The Gulf of Tonkin incident, if you consider the US statements official enough to count as an admission/apology, and if you count the intensification of the war as a "new" attack.

It is not a completely clear-cut example because parts of the US government might have been aware that there was no attack by North Vietnamese torpedo boats.

  • This is a good answer, albeit unfortunate that realizing it was a mistake did not stop further attacks and that it wasn't officially admitted until much later. It is not a good precedent, but it is what I asked for. I will wait a while and see if any others are found before I accept.
    – user_42
    Apr 21, 2018 at 14:02
  • I chose this answer over the more highly voted question as I believe it better answered the question I was trying to ask.
    – user_42
    Apr 24, 2018 at 21:13

In reaction after 1998, August 7 bombings of American embassies in Kenya and Tanzania, the USA under Bill Clinton launched Operation Infinite Reach against Al-Qaeda sites in Afghanistan and Sudan.

One of the targets, Al-Shifa pharmaceutical factory near Khartoum, Sudan, was thought to produce chemical weapons and to have links with Al-Qaeda and Usama Bin Laden.

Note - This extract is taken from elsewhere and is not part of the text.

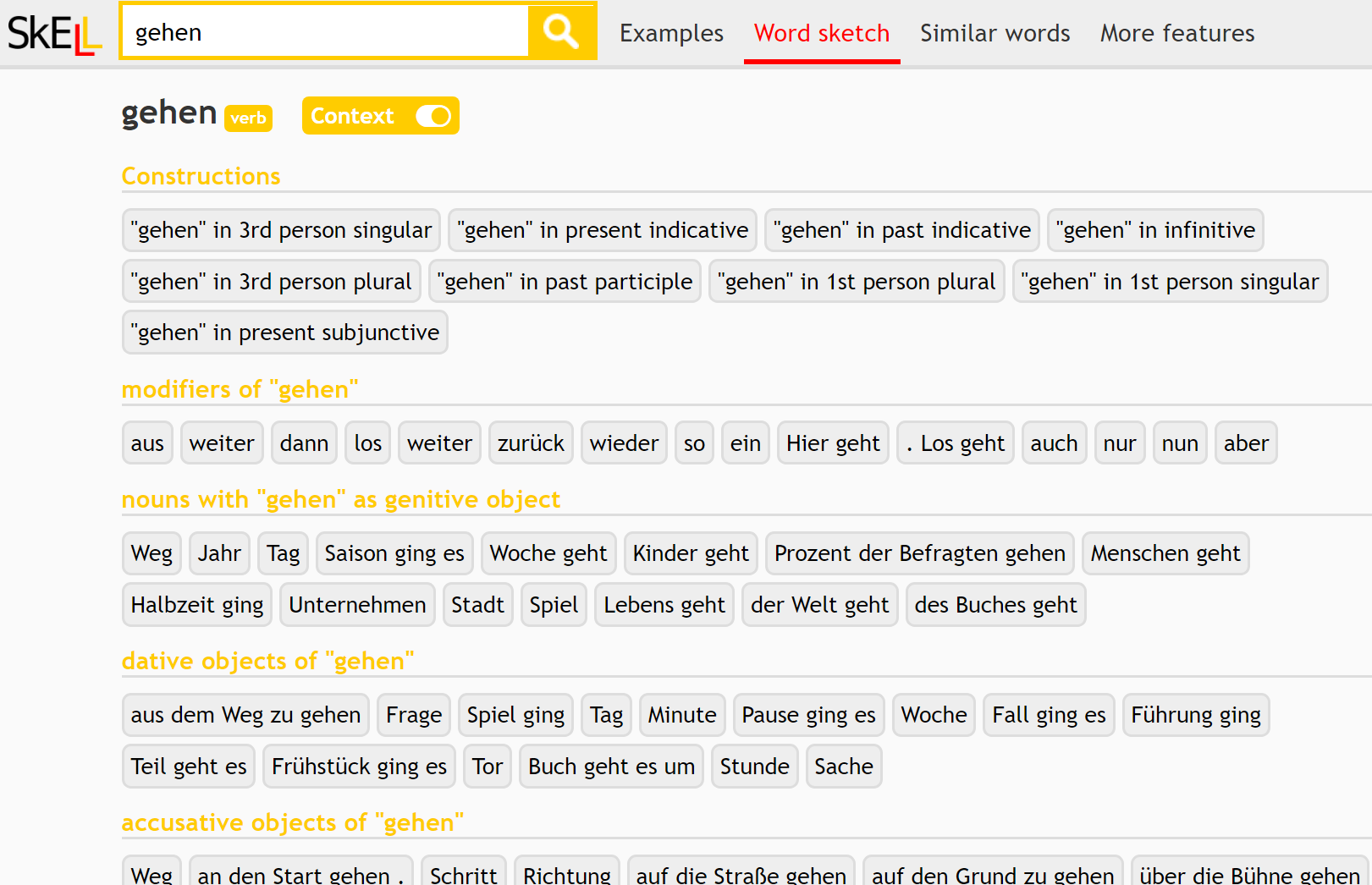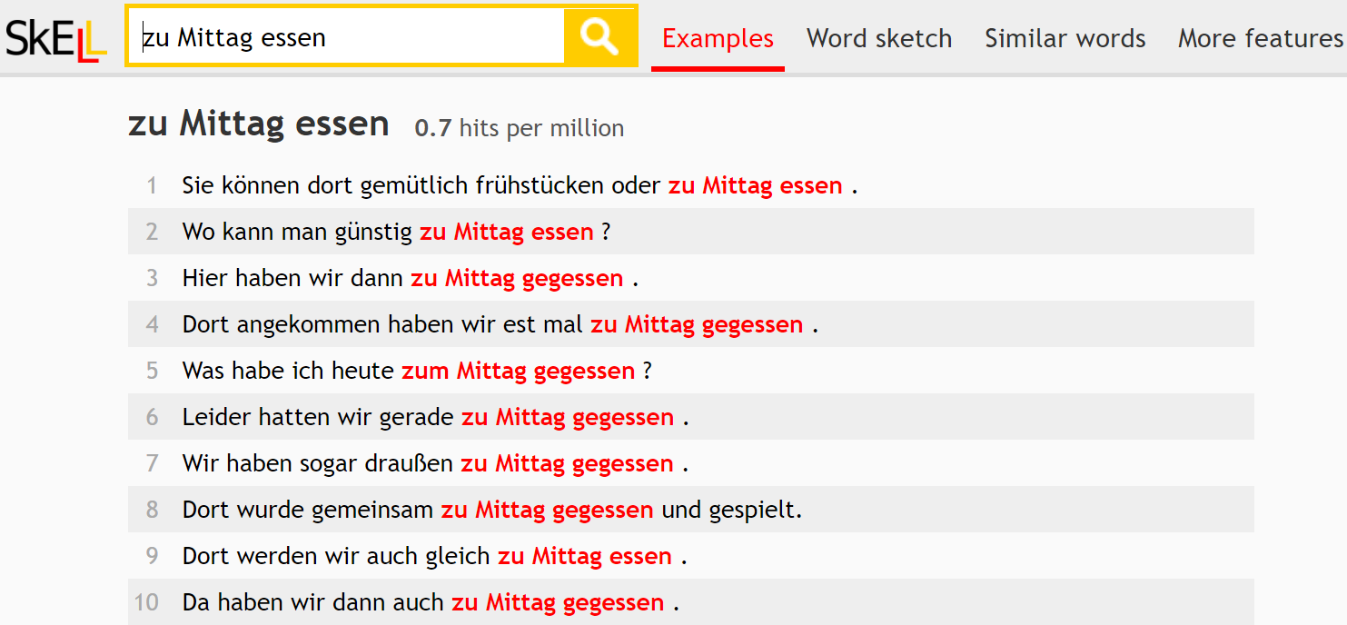 - Examples – display words or phrases in their contexts, it finds up to 40 example sentences containing the word/phrase you searched (view in deSkELL)
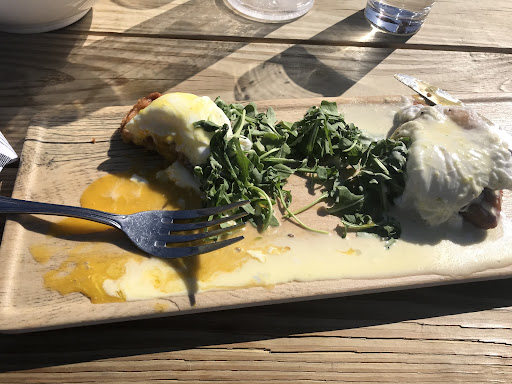Read moreWe decided to try this place on a beautiful spring Sunday, so we expected crowds. We waited between 30-45 min for a table - no big deal. We ordered within 10 min after being seated. We then waited around an hour for our food. When we inquired about the status of our order, we were met with a kind gesture from the owner, a free order of chips, and a sincere apology about the wait and the kitchen being overwhelmed and under equipped. That was all code for âwe forgot your orderâ as we saw the servers cleaning other tables and the kitchen staff pop outside every few min for some sunshine, but fine. Mistakes happen. The kicker was the food. The photo is their âBenny Benny Boo Booâ which is advertised as jalapeño waffles and eggs and hollandaise sauce, or their take on eggs Benedict. I was served 2 minuscule triangles of waffles topped with eggs swimming in a âhollandaiseâ sauce and wilted greens (thatâs after 1 bite - not extended time in the sun). Again, I know that orders get forgotten sometimes, but I would have preferred the kitchen hustle to get it out lightening fast upon realizing the error or make plate look amazing. We appreciated the apology, but the food didnât make up for anything. Even without an hour wait, I wouldnât go back for the food. The portions and presentation need work (just put a whole waffle on the plate for starters) and the flavor was just meh. No spiciness to my jalapeño waffles and the sliders the others ordered were fine, but also teeny tiny with a minuscule amount of cheese and a few pieces of cooked onions. Their ideas are on point, but they need better execution.

However,

American officials have acknowledged over the years that the evidence that prompted President Clinton to order the missile strike on the Shifa plant was not as solid as first portrayed. Indeed, officials later said that there was no proof that the plant had been manufacturing or storing nerve gas, as initially suspected by the Americans, or had been linked to Osama bin Laden, who was a resident of Khartoum in the 1980s."

(The New York Times, 2005)

While US officials admit a misjudgement, "Washington still has not ruled out the possibility that El Shifa did, in fact, have some link to chemical weapons production." (same source), which explains they refuse to apologize to Sudan.

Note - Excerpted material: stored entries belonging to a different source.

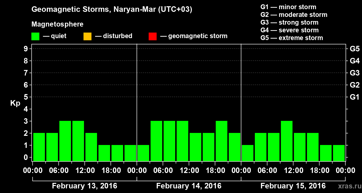 Geomagnetic storms in Naryan-Mar on Feb 15, 2016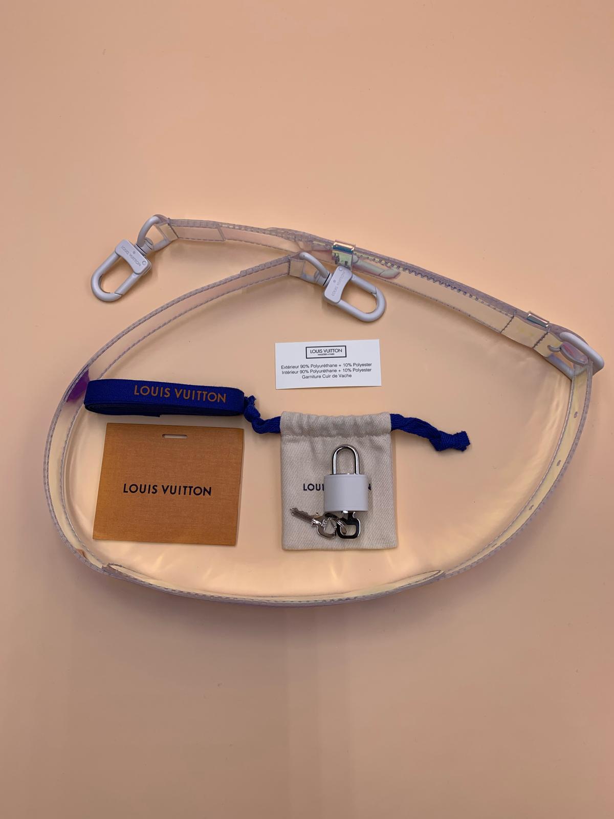 - Material: Transparent Embossed Monogram PVC, leather strap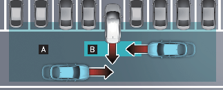 [B]: рабочий диапазон системы предотвращения столкновений с объектами, движущимися в поперечном направлении позади автомобиля

Note that this military strike was not accompanied by a war declaration on Sudan, but it was clearly an attack.

  • The Casus Beli here is the embassy bombings, which were real.
    – ugoren
    May 2, 2018 at 18:30
  • That's a question of definition. The bombings were the (very real) casus belli for USA's war with Al-Qaeda. The supposed links with Al-Qaeda were the (dubious) casus belli for US strikes against Sudan.